Сто лет я уже не пил матэ. Да еще из калебасы, с настоящей металлической трубочкой – бомбильей. Передав мне ее, Алехандро снова сел на матрас и оперся спиной и затылком о голую стену. Но взгляд его был все также прикован к тыковке, зажатой в моих ладонях. Он точно жалел, что опрометчиво доверил ее чужаку.

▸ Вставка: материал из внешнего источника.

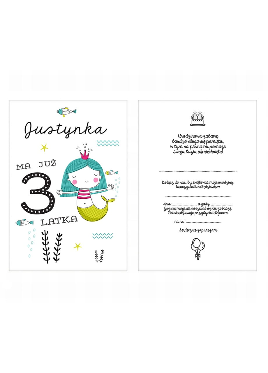 Na okładce znajduje się królewna syrenka i jej podwodny świat. Kolorowa grafika podoba się dzieciom, a postać syrenki od razu przykuwa uwagę. Na takim zaproszeniu chce podpisać się każda mała solenizantka, dlatego okładkę można spersonalizować. Zaproszenie na 3 urodziny wypełnia się szybko, wystarczy podać informacje na temat imprezy w wykropkowanych miejscach. Tak wesołe zaproszenie warto wręczyć osobiście każdemu koledze i koleżance z przedszkola lub placu zabaw.

Летучий, едва уловимо курившийся из горлышка калебасы пар теперь взлетал и рассеивался перед самым моим носом. А я-то вначале подумал, что он изучает свои скрещенные на животе руки – коричневые до кофейного, с полноватыми, как и вся его фигура, пальцами и кистями, – или джинсы – затертые, в коленях уже уподобившиеся цветом серым стенкам сосуда для матэ. Нет, теперь, когда калебаса, источавшая аромат вечной весны, перекочевала ко мне, всё стало ясно. Взгляд его, напряженно-завороженный, был прикован к пару от напитка.
II
Вдыхая неуловимо-летучую зыбь из узкого горлышка, я втянул в себя очередную порцию бескрайнего свежего леса. И зелень Люксембургского сада, по аллеям которого я шел к месту, назначенному Ульрикой, шелест платанов вновь окатили волной, унося всю усталость прочь из этой душной, закупоренной, как бутылка, комнаты, где не было ничего, кроме света серого дня на голых стенах, стола и трех матрасов, на один из которых он жестом предложил мне сесть. Даже свет от задвинутых светло-зеленых гардин превращался здесь в бутылочный.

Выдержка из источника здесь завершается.